1) Initialization: An initial solution vector, \( x^{(0)} = \tilde{s}_0 \), is derived from \( \tilde{y}_{ZF} \), the ZF equalized version of \( y \). A simplified ML cost calculation [13] is performed by defining \( y_{MF} = H^H \cdot \tilde{y}_{ZF} \) and \( \tilde{H} = H^H \cdot H \); the initial vector, \( f^{(0)} \), for ML cost calculation is given by [13]

\[
f^{(0)} = \tilde{H} \cdot x^{(0)} - \tilde{y}_{ZF}.
\]

In addition, TL is initialized while the iteration number and the Tabu Period are set to \( I \) and \( P \) respectively.

2) Candidate Enumeration: The candidate symbol vectors at each iteration are derived from \( \tilde{s}_{ZF} \) by selecting the \( K \) nearest symbols in the modulation constellation set for each antenna, selecting \( K \cdot M \) symbol vectors [13]. Letting \( z^{(i)}(m, k) \) represents one of the enumerated candidates at \( i^{th} \) iteration, where \( m \) denotes the antenna index and \( k \) denotes the selected neighbor symbol index, then, only the \( m^{th} \) symbol in \( \tilde{s}_{ZF} \) is changed to its \( k^{th} \) neighbor in modulation constellation set.
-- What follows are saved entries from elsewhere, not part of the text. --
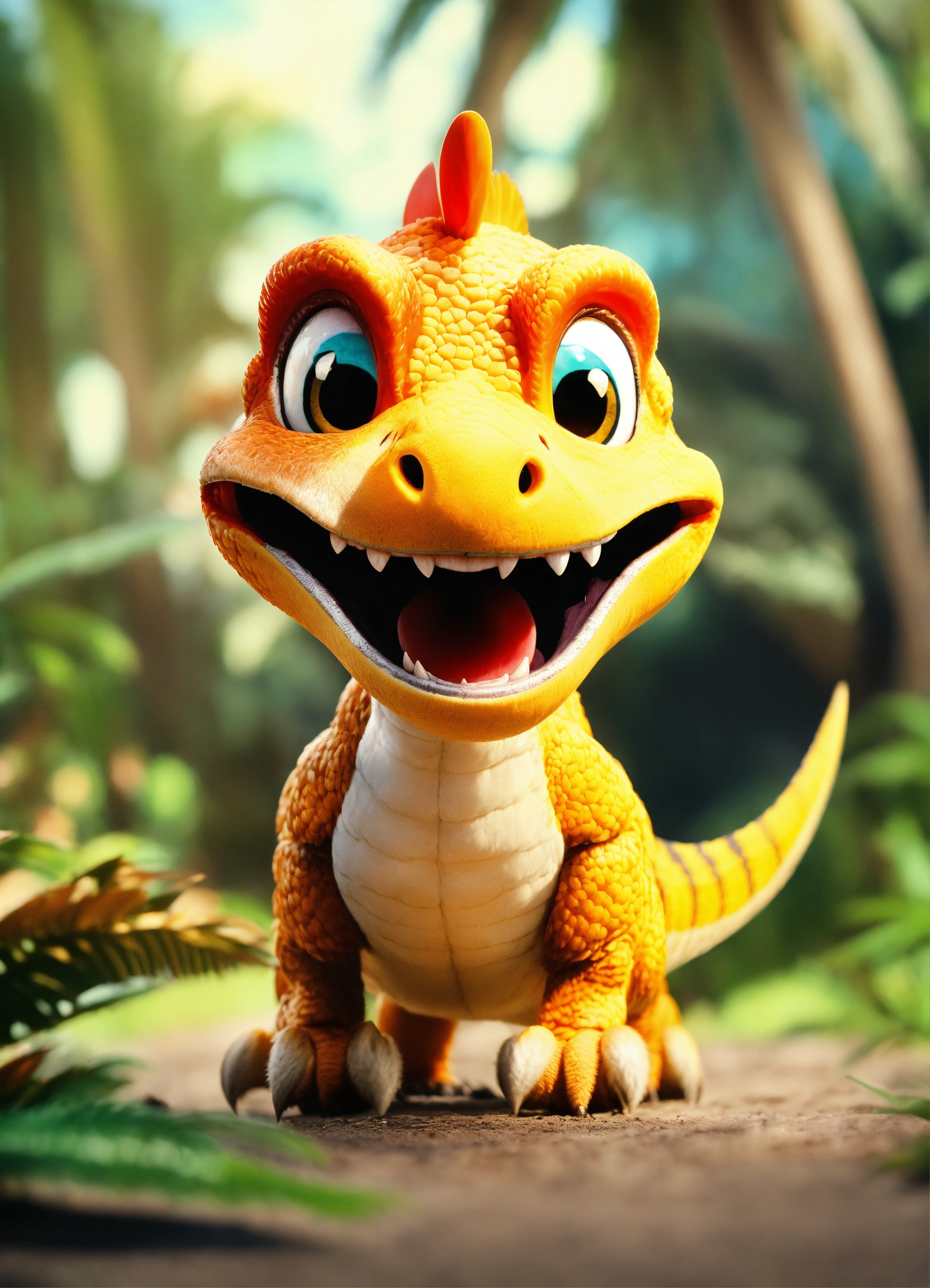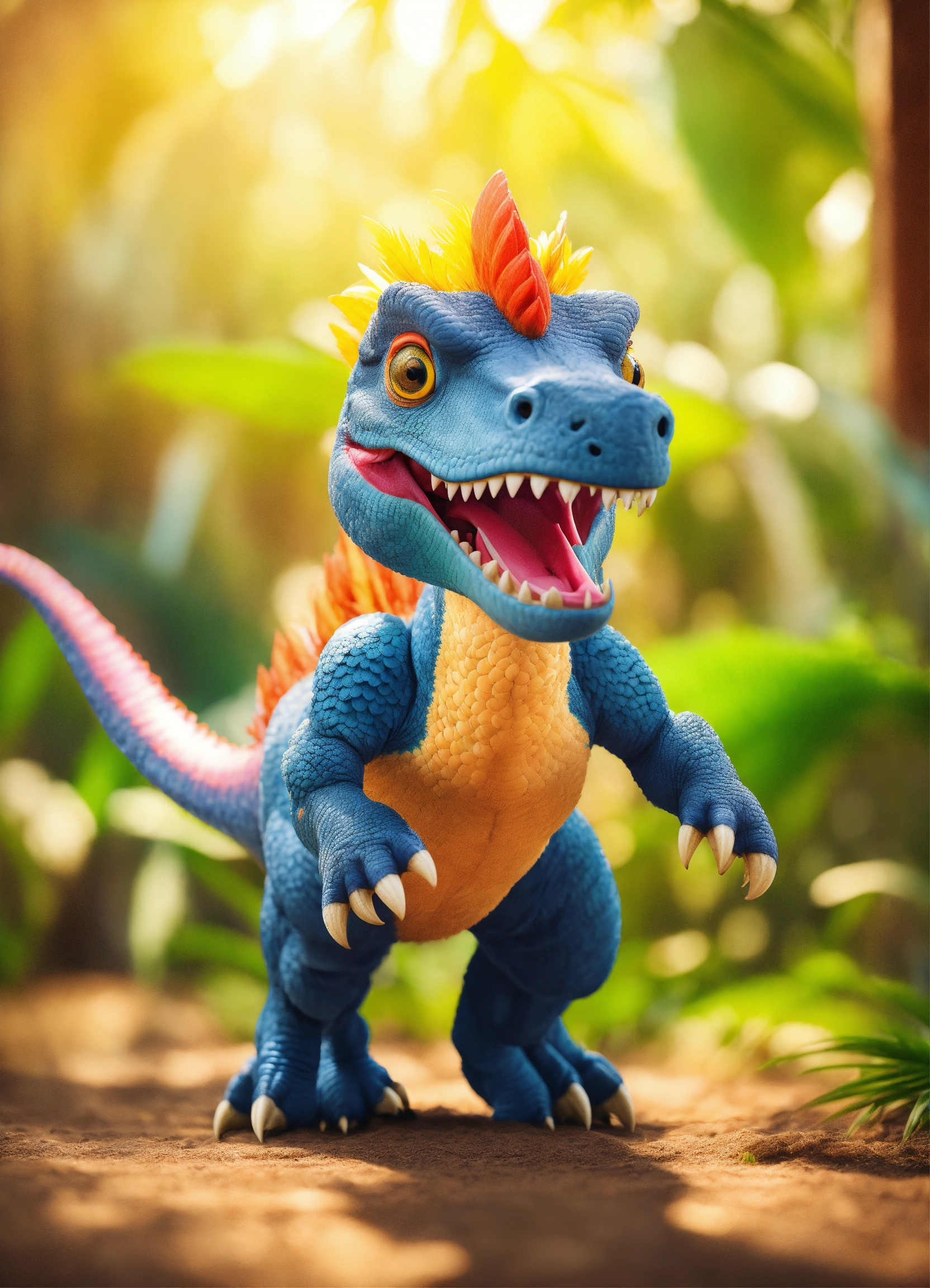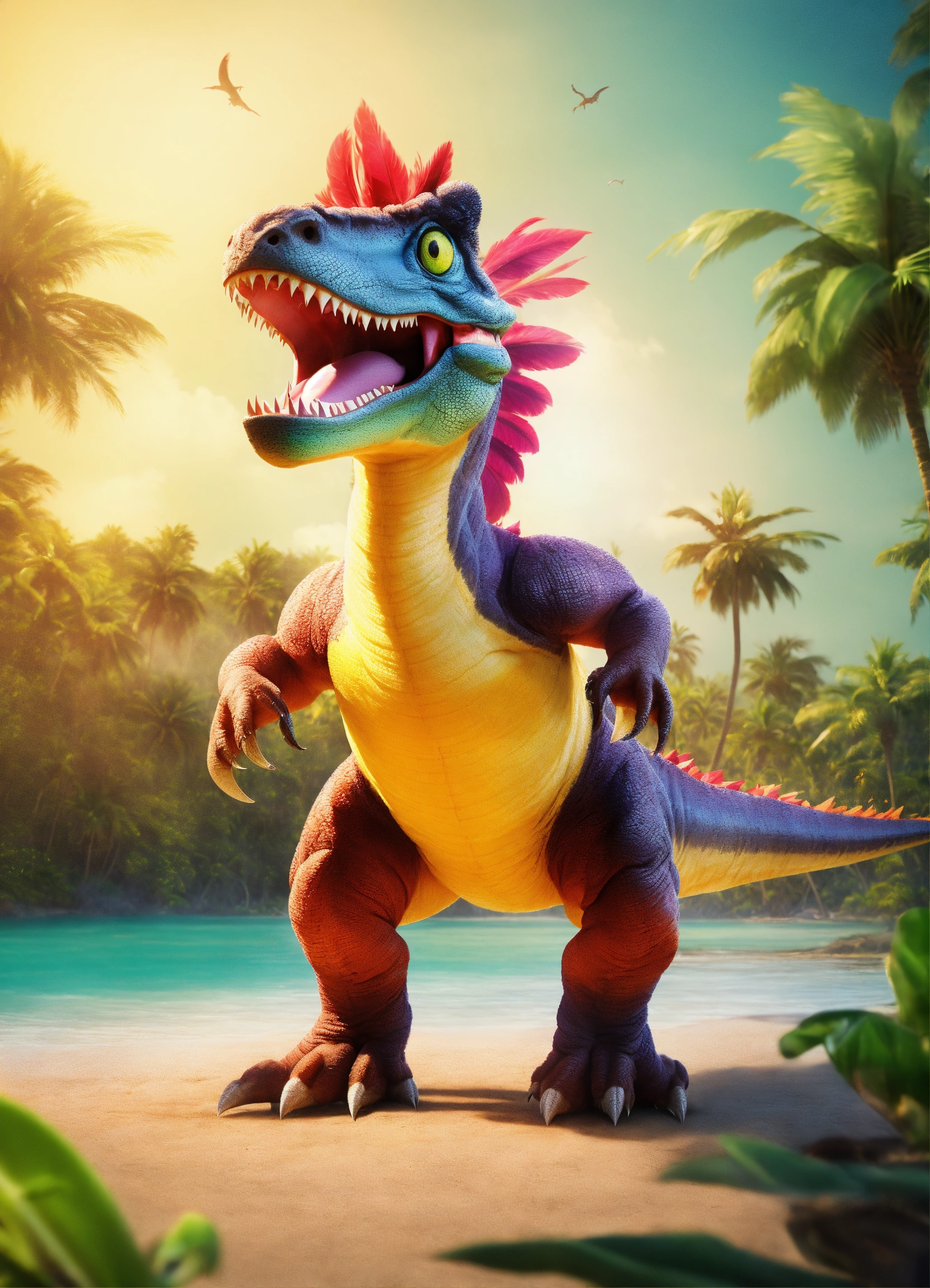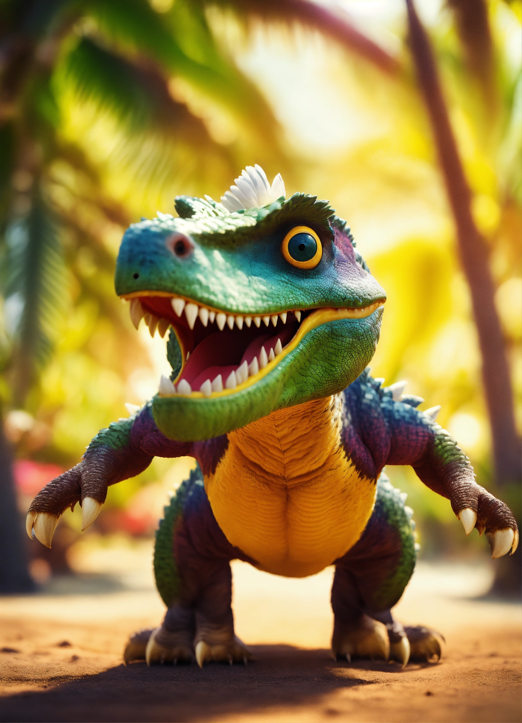 An adorable and fluffy tyrannosaur dinosaur with big color eyes and big and huge ears, in action and moving modus, big and huge head, look cool and little angry, with soft feathers and wings, tropical island, multicolor skin with stripes, tusks, smiling and happy, sunny, palm trees, banana plant, with blur background, high quality, 8k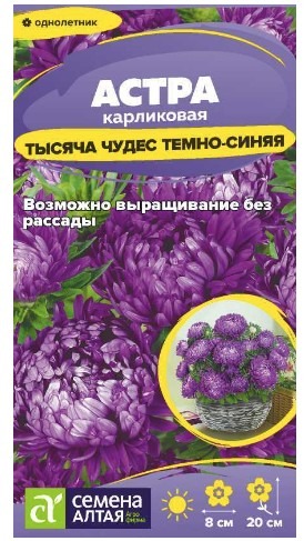Бордюрная низкорослая астра, одна из самых востребованных. Куст высотой до 20 см весь покрыт крупными махровыми цветками насыщенной фиолетово-синей окраски до 8 см диаметром. Идеально подходит для выращивания в горшечной культуре. Выращивается в смешанных цветниках, партерных клумбах, вазонах, широко используется в качестве бордюрной культуры.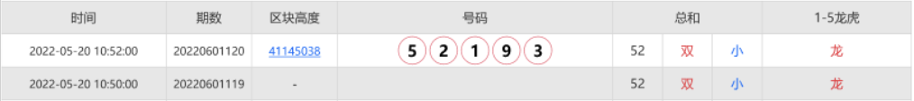 系统会选出哈希值的最后5个数字作为开奖数据。这个案例的哈希值最后5个数字为:5,2,1,9,3。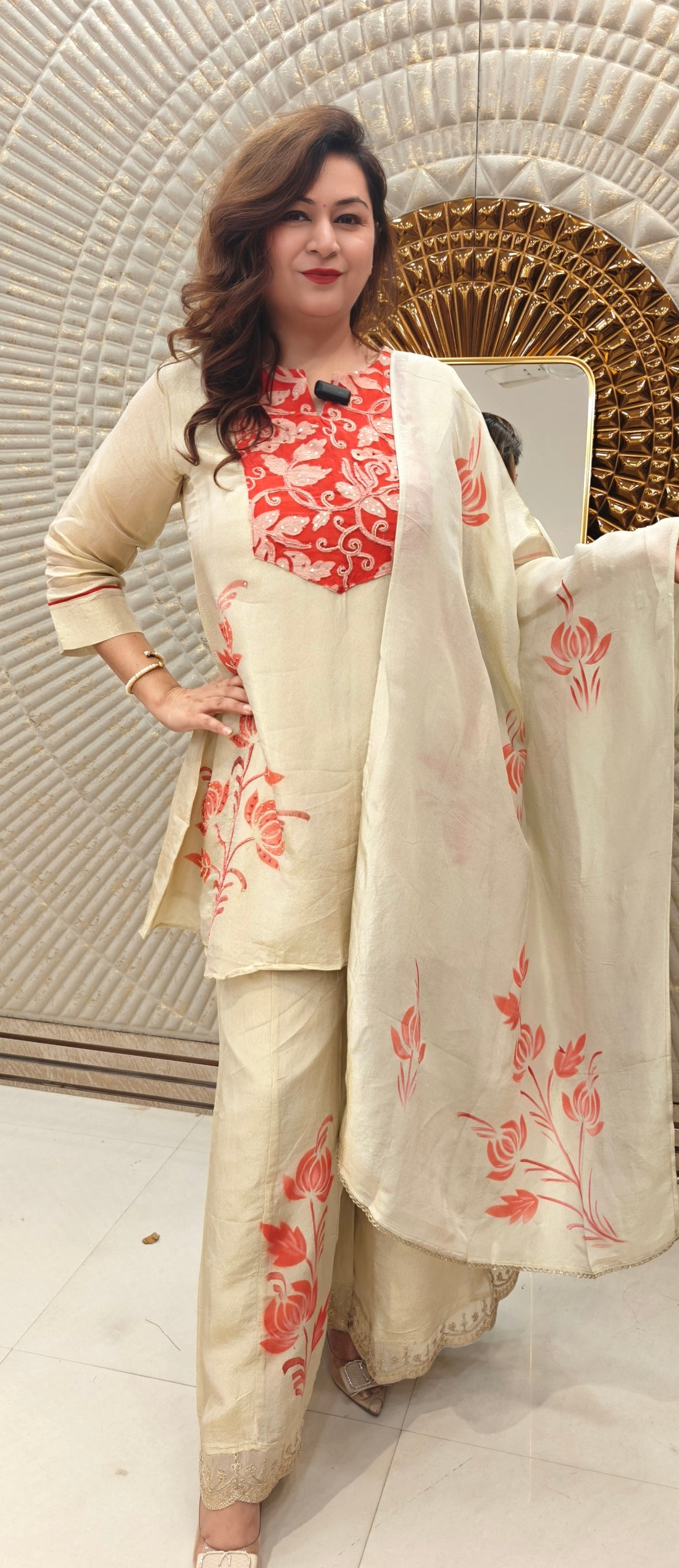 Turn heads with our Red Mirror C-Cut Kurta Set, a bold statement piece in rich...

For each iteration, the starting solution is updated to \( s \) from last iteration.

The detection metric for TS measures the ML cost increment [13]

\[
t(m, c) = 2 \cdot \Re(e_m^* \cdot f_m) + |e_m^*| \cdot \tilde{H}(m, m)
\]

where \( e = z^{(i)}(m, k) - x^i \) is the differential vector between current starting symbol vector and the enumeration candidate, \(( \bullet )^* \) denotes the conjugate function and \( \Re(\bullet) \) denotes the real part of a complex value.

3) Tabu Move: As shown in Figure 2, \( K \cdot M \) candidate symbol vectors are judged and the starting symbol vector for the next iteration is selected by

\[
x^{(i+1)} = \arg \min_{j \in [1, K \cdot M]} \min_{\theta \in \text{TL}} (t_j).
\]

If (4) failed to find a suitable candidate, then the starting symbol vector remain the same as last iteration, hence \( x^{(i+1)} = x^{(i)} \).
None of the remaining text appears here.